- Task statement:
The following entries should be restated word for word, pictures excluded.

[[ Recorded data, beginning ]]

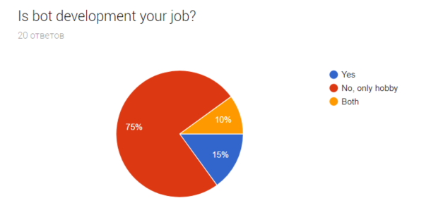 Как видно из пайчарта 85 % разработчиков ведут свою деятельность в качестве хоббы, при этом 25% занимаются этой деятельностью профессионально. О чем нам это говорит? В отрыве от реального количества разработчиков ботов только о том, что телеграм чатами групп поддержки пользуются в большинстве любители и те для кого это хобби.
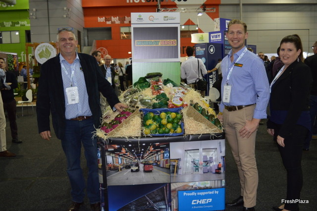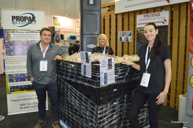 Garry and Cheryl Sandercock and Leonie Butcher at Propak with a new Buttefly pallet wrap.
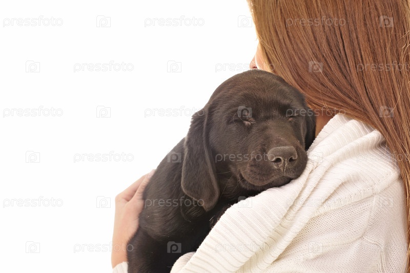 Молодая женщина с щенком, изолированы на белом фоне
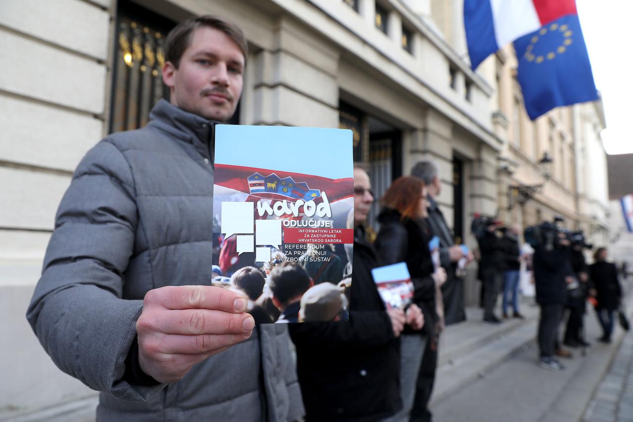Video sadržaj 2 Narod odlučuje Volonteri Građanske inicijative: Raspišite referendum za promjenu izbornog sustav Pred početak nove parlamentarne sezone, volonteri Građanske inicijative (GI) Narod odlučuje dočekuju zastupnike od kojih traže da podrže ustavno pravo hrvatskih građana na referendum
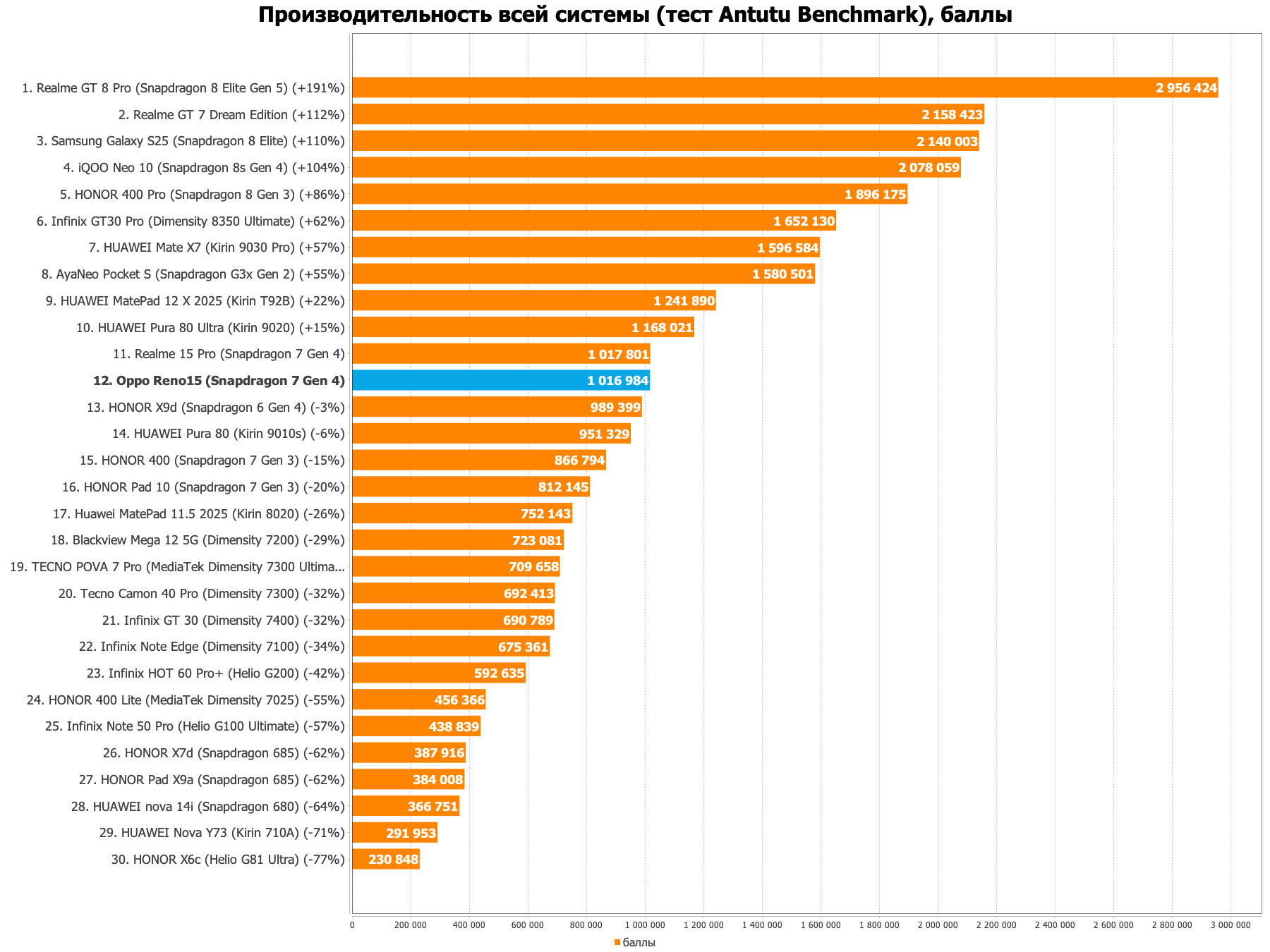 В AnTuTu v10 Reno15 набирает около 1 087 000 баллов, в v11 — уже свыше 1 400 000. В Geekbench 6 — 1188 баллов в однопоточном тесте. Для понимания: это уровень, при котором можно одновременно держать открытыми десяток приложений, монтировать короткие видео и не замечать задержек в интерфейсе. Это не территория флагманов, где Snapdragon 8 Elite набирает по три миллиона в AnTuTu, — но для задач 95% пользователей разница будет чисто академической.

[[ Recorded data, end ]]

- Response for this exercise:
 Как видно из пайчарта 85 % разработчиков ведут свою деятельность в качестве хоббы, при этом 25% занимаются этой деятельностью профессионально. О чем нам это говорит? В отрыве от реального количества разработчиков ботов только о том, что телеграм чатами групп поддержки пользуются в большинстве любители и те для кого это хобби.
 Garry and Cheryl Sandercock and Leonie Butcher at Propak with a new Buttefly pallet wrap.
 Молодая женщина с щенком, изолированы на белом фоне
Video sadržaj 2 Narod odlučuje Volonteri Građanske inicijative: Raspišite referendum za promjenu izbornog sustav Pred početak nove parlamentarne sezone, volonteri Građanske inicijative (GI) Narod odlučuje dočekuju zastupnike od kojih traže da podrže ustavno pravo hrvatskih građana na referendum
 В AnTuTu v10 Reno15 набирает около 1 087 000 баллов, в v11 — уже свыше 1 400 000. В Geekbench 6 — 1188 баллов в однопоточном тесте. Для понимания: это уровень, при котором можно одновременно держать открытыми десяток приложений, монтировать короткие видео и не замечать задержек в интерфейсе. Это не территория флагманов, где Snapdragon 8 Elite набирает по три миллиона в AnTuTu, — но для задач 95% пользователей разница будет чисто академической.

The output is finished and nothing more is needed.